Fools and fanatics lead while the wise stall

It is sad to say, but South Africa is suffering from a serious lack of political leadership. Two Sundays ago, Cope spokesperson Palesa Morudi wrote a long article attacking the ANC for choosing a man who is facing criminal charges to be the face of its election campaign.

It is sad to say, but South Africa is suffering from a serious lack of political leadership. Two Sundays ago, Cope spokesperson Palesa Morudi wrote a long article attacking the ANC for choosing a man who is facing criminal charges to be the face of its election campaign.

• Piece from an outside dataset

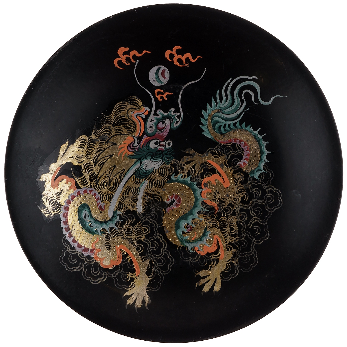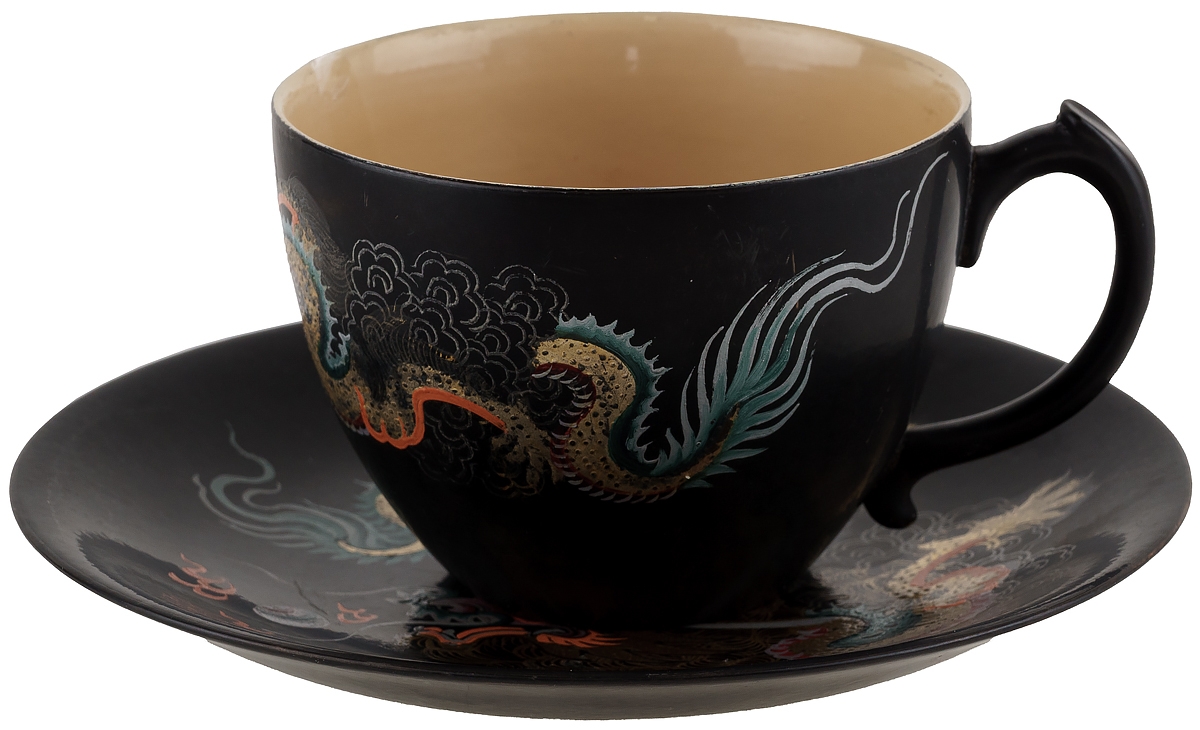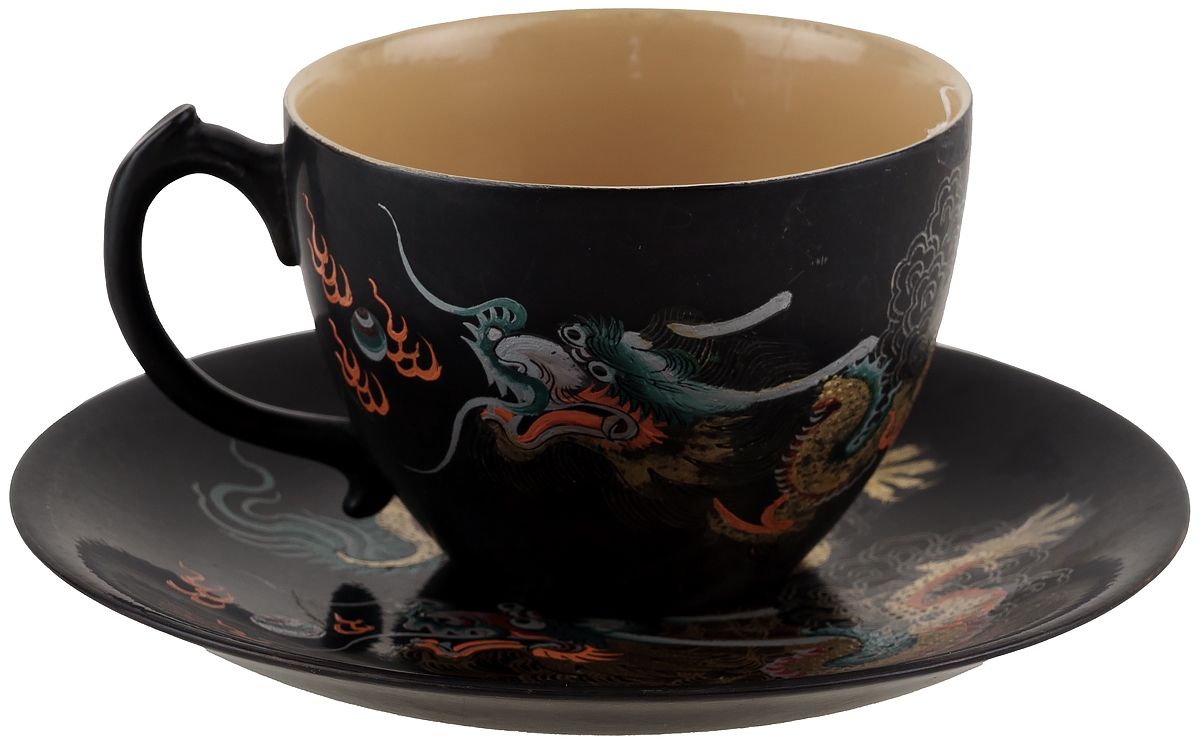Кофейная пара "Золотой дракон", папье-маше, черный лак, Китай, середина 20 века

While I wholly agree with Morudi, it struck me as rich coming from a party that, at that stage, was unable to make up its mind as to who will lead it. Cope, for all its pretensions, seems bereft of leadership that is beyond reproach.

Its entire leadership has been chosen by "consensus", which means that they were appointed by Cope's more influential members. Heaven knows what criteria was used.

The other day Cope went on another fishing expedition. They announced that Frank Chikane, the director-general in the presidency, would be its candidate for Gauteng premier. It did not matter that Chikane is not a member of the party.

The message sent is that none of the members in Gauteng are good enough for the job. And they claimed to have over 400000 members when they launched.

Cope should be aware that the media attention they are getting is not so much on the basis of them being better than the ruling party, but because they have breathed new excitement into a political scene that was getting moribund.

Much as the ANC can deny it, the fact that they will not hold a rally on the same day in the same area as, say Azapo, tells you that even they take Cope seriously.

Speaking of Azapo, one cannot help remembering the days when they elected a new leader each time it held a conference. It might have hindered continuity, but it surely created an organisation where the thinking and leadership was not left to an anointed some. The downside was that they lacked the glue that could hold Azapo together, resulting in the very many splinter groups.

The IFP is, in Mangosuthu Buthelezi, still parading an octogenarian who has led the party since he founded it in 1975. Like Zanu-PF's Robert Mugabe, only the grave will force the IFP to start thinking of a succession plan.

But the gravest concern is the lack of leadership in the ANC. While other parties can afford to have flawed leadership structures, the same cannot be said for the ANC. It is still a party that, on its brand alone, will return to power after April 22 and most likely again in 2014. It is sad when it cannot attract the best brains for its top job, choosing instead to unleash the likes of Julius Malema. It does not help that its leader, instead of leading, is indifferent when his party suffers a public relations nightmare in the form of Carl Niehaus or comrade ministers who supposedly speak in fake accents.

We have about 50 million South Africans, surely there are a few individuals who could rescue us from this morass.

Or is it a case so described by philosopher Bertrand Russell of "the whole problem with the world is that fools and fanatics are always so certain of themselves, but wiser people so full of doubts".